▸ Data below:
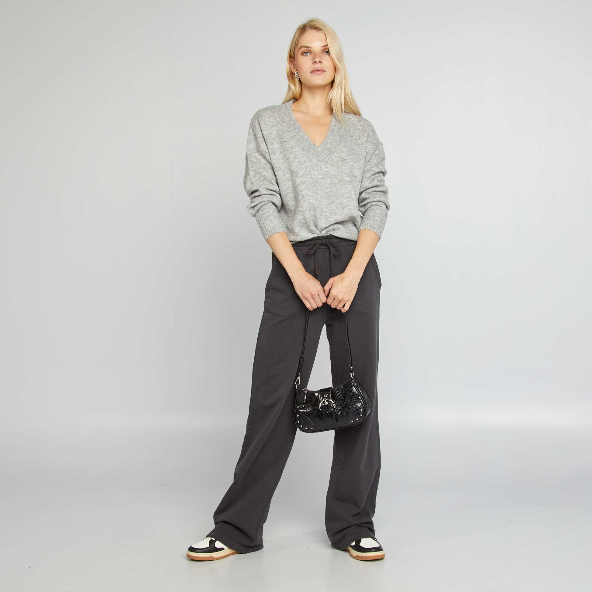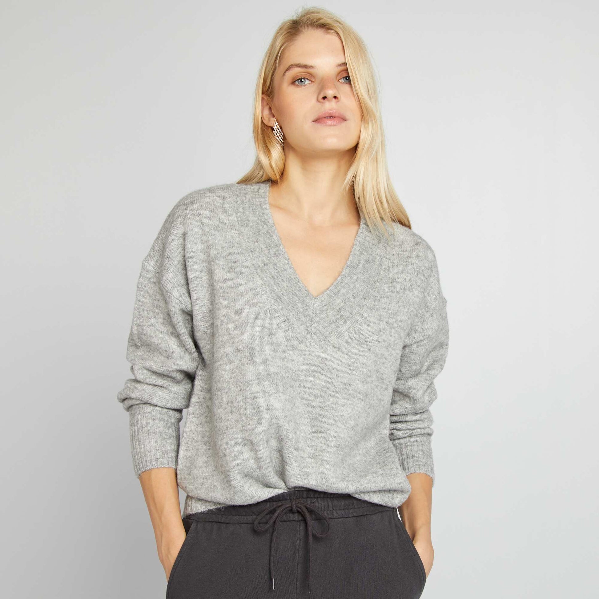 Knitted V-neck jumper GREY
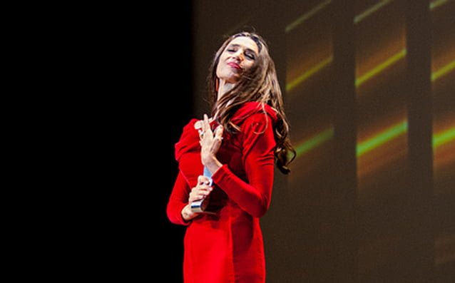 La española Ángela Molina, Premio Guadalajara Iberoamérica, no tuvo que decir nada, porque son un vestido largo color rojo pasión, dejó a los presentes con la boca abierta. “El cine es necesario para seguir soñando”, dijo la actriz, quien ha trabajado con grandes del cine como Buñuel y Almodóvar, entre otros. Pocos saben que Molina, además de excelente actriz, es cantante.
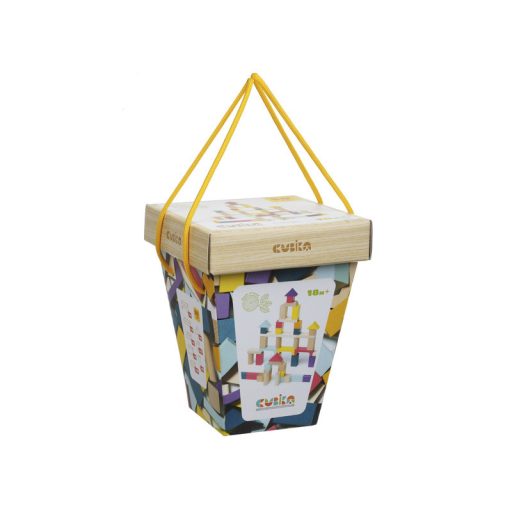 Egy igazán hasznos és szórakoztató alap építőjáték szett 100 darab, különböző formájú és színű fa építőkockával, praktikus csomagolásban. A doboz zárható fedéllel rendelkezik és zsinór füleinek köszönhetően könnyedén vihetjük magunkkal bárhová. Az építőkockák formáinak köszönhetően sokféle módon variálhatók, szinte bármilyen formát és építményt kirakhatnak belőle a gyerekek. A kockák egy része vidám színekben pompázik, így a variációk száma tovább fokozható.

▸ Exercise: Repeat the listing word for word, omitting the pictures.

▸ Exercise result:
 Knitted V-neck jumper GREY
 La española Ángela Molina, Premio Guadalajara Iberoamérica, no tuvo que decir nada, porque son un vestido largo color rojo pasión, dejó a los presentes con la boca abierta. “El cine es necesario para seguir soñando”, dijo la actriz, quien ha trabajado con grandes del cine como Buñuel y Almodóvar, entre otros. Pocos saben que Molina, además de excelente actriz, es cantante.
 Egy igazán hasznos és szórakoztató alap építőjáték szett 100 darab, különböző formájú és színű fa építőkockával, praktikus csomagolásban. A doboz zárható fedéllel rendelkezik és zsinór füleinek köszönhetően könnyedén vihetjük magunkkal bárhová. Az építőkockák formáinak köszönhetően sokféle módon variálhatók, szinte bármilyen formát és építményt kirakhatnak belőle a gyerekek. A kockák egy része vidám színekben pompázik, így a variációk száma tovább fokozható.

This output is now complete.